- **Task to complete**: Hand back every line from the beginning of the data below through the line containing "前髪からの全体の透け感にお悩", word for word and free of pictures.

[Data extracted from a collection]
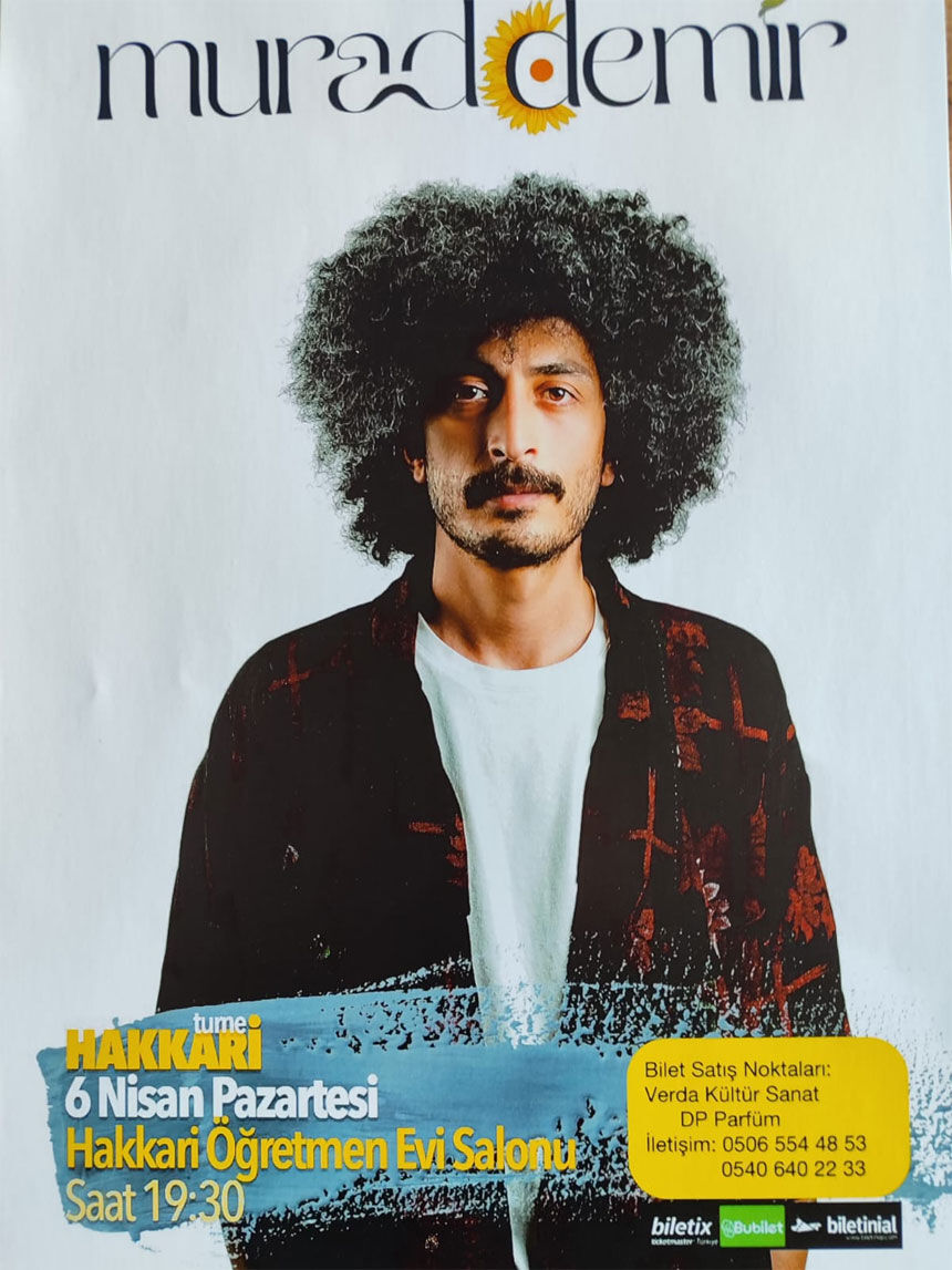 HAKKARİ – Hakkarili sanatçı Murat Demir V.E.R.D.A Kültür Sanat & Organizasyon Hizmetleri katkılarıyla 6 Nisan’da Hakkari’de sahne alacak.
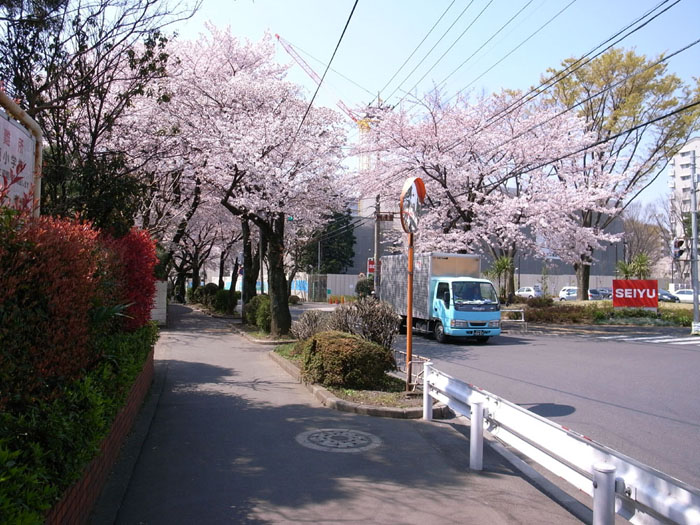 自宅近くの通り道。桜がとても綺麗です。
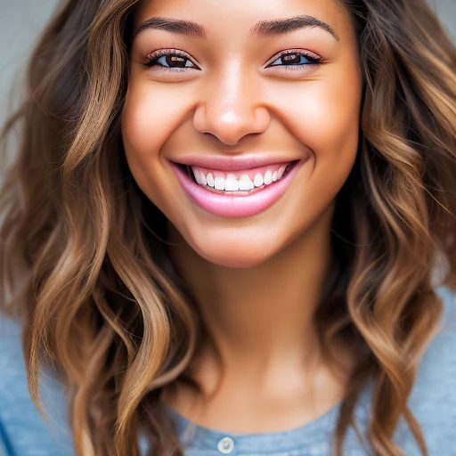 half-length portrait shot of an attractive female youth pastor, very happy, big smile, with light skin, natural, no make up, natural imperfections, hazel colored eyes, lush light brown hair, the photo should be a half-length portrait, shallow depth of field to emphasize the subject, taken using a Canon EOS R camera with a 50mm f/1. 8 lens, f/2. 2 aperture, shutter speed 1/200s, ISO 100 and natural light, Hyper Realistic Photography, Cinematic, Cinema, Hyperdetail, Ultrahd, Color Correction, ultrahd, hdr, color grading, 8k --ar 4:5 --q 2
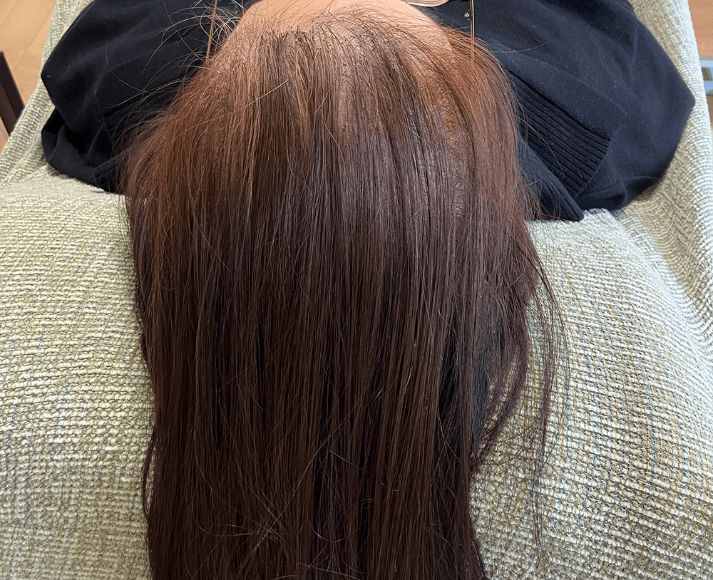 前髪からの全体の透け感にお悩みでしたので、増毛エクステ1000本で透け感を自然にカバーしボリュームアップさせて頂きました。
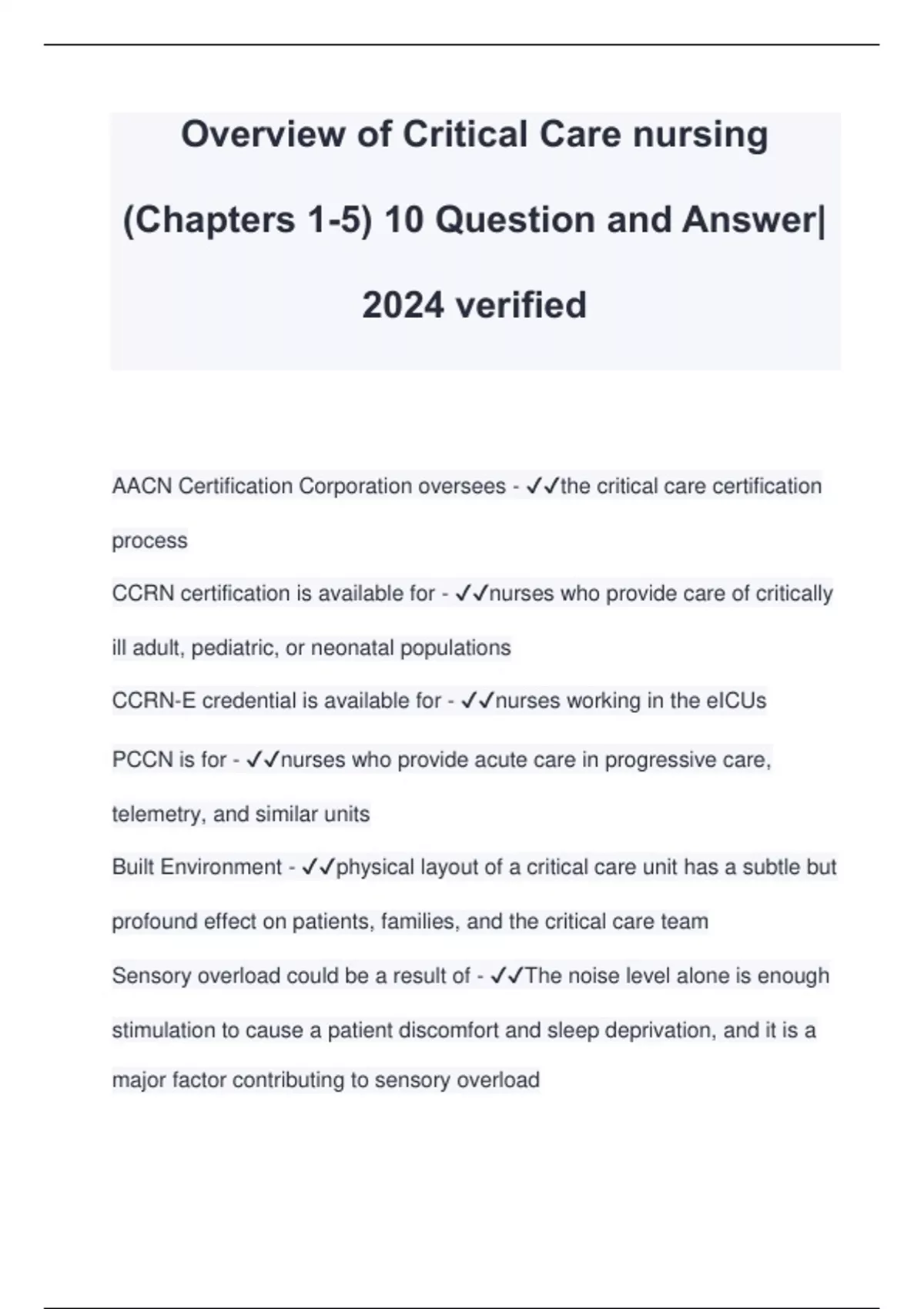 Overview of Critical Care nursing (Chapters 1-5) 10 Question and Answer| 2024 verified AACN Certification Corporation oversees - the critical care certification process CCRN certification is available for - nurses who provide care of critically ill adult, pediatric, or neonatal populations CCRN-E credential is available for - nurses working in the eICUs PCCN is for - nurses who provide acute care in progressive care, telemetry, and similar units Built Environment - physical layout of a critical care unit has a subtle but profound effect on patients, families, and the critical care team Sensory overload could be a result of - The noise level alone is enough stimulation to cause a patient discomfort and sleep deprivation, and it is a major factor contributing to sensory overload
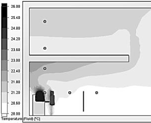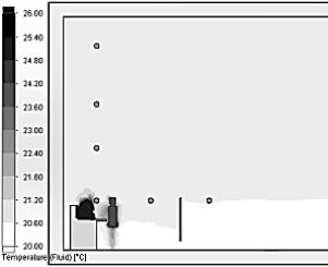 «вытяжка спереди» (черным выделены зоны, где температура выше 26 °С).
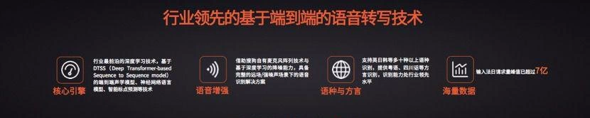 第三,个性化语音识别技术。语音转写时,关键词识别错误给用户体验带来的体验是糟糕的。搜狗通过打通输入法账号体系,基于产品中用户数据的使用习惯,自动挖掘用户的个性化词组,使用户常用语的转写错误率下降40%以上。
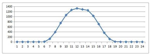 下图1为该地区逐时出力的年平均值,即对365天的24小时逐时出力求平均。
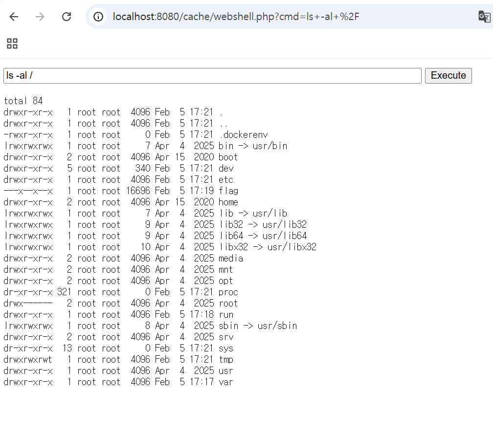 이런식으로 파일이 생기고 URL에 /cache/webshell.php를 입력해 주면
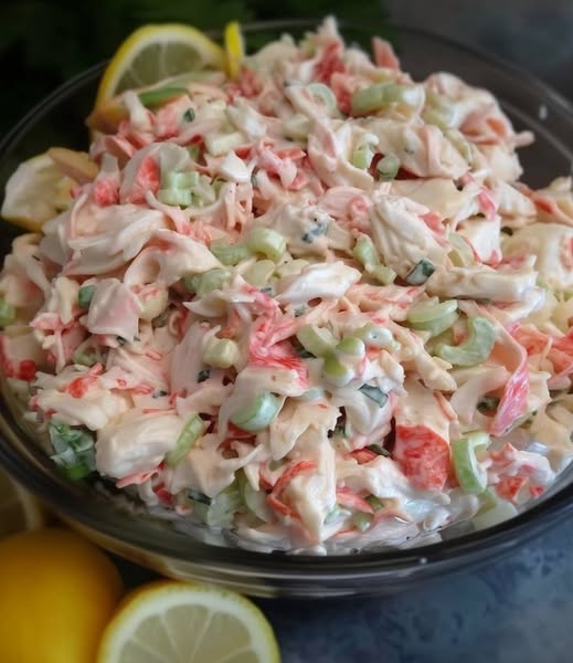 🦞🥗Crevettes tendres, crabe et homard, le tout enrobé d’une vinaigrette crémeuse et acidulée, accompagné de légumes croquants : cette salade de fruits de mer est parfaite pour les déjeuners d’été, les apéritifs raffinés ou un dîner léger ! Servez-la sur un lit de verdure, dans un sandwich ou avec des crackers pour un plat qui fera le bonheur de tous.
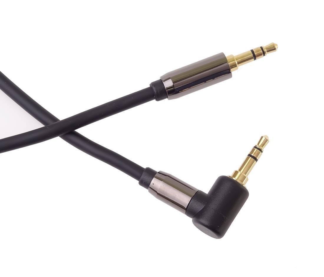 PremiumCord HQ tieneťovaný kábel stereo Jack 3,5 mm - Jack 3,5 mm zahnutý 90° 1,5 m
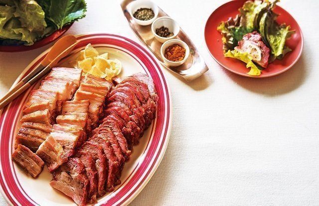 (2)焼く/塩豚は焼く30分前に室温におく。オーブン用シート(または網)を敷いた天板に塩豚をのせ、230℃に温めたオーブンで15分焼き、返して15分焼く。取り出して2~3分おいてなじませる。半分に切ってから幅5㎜に切って器に盛る。サニーレタス、青じそにレモンとともにのせ、好みで粗びき黒こしょう、カレー粉、ドライハーブをふって、巻いて食べる。
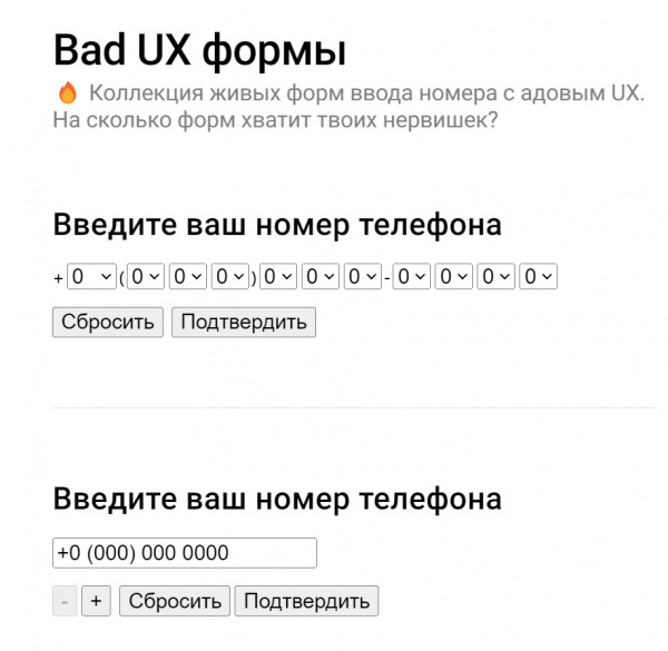 Кто осилил ввод телефонов, попробуйте пробраться в финалу здесь — userinyerface.com

- **Result for this task**:
 HAKKARİ – Hakkarili sanatçı Murat Demir V.E.R.D.A Kültür Sanat & Organizasyon Hizmetleri katkılarıyla 6 Nisan’da Hakkari’de sahne alacak.
 自宅近くの通り道。桜がとても綺麗です。
 half-length portrait shot of an attractive female youth pastor, very happy, big smile, with light skin, natural, no make up, natural imperfections, hazel colored eyes, lush light brown hair, the photo should be a half-length portrait, shallow depth of field to emphasize the subject, taken using a Canon EOS R camera with a 50mm f/1. 8 lens, f/2. 2 aperture, shutter speed 1/200s, ISO 100 and natural light, Hyper Realistic Photography, Cinematic, Cinema, Hyperdetail, Ultrahd, Color Correction, ultrahd, hdr, color grading, 8k --ar 4:5 --q 2
 前髪からの全体の透け感にお悩みでしたので、増毛エクステ1000本で透け感を自然にカバーしボリュームアップさせて頂きました。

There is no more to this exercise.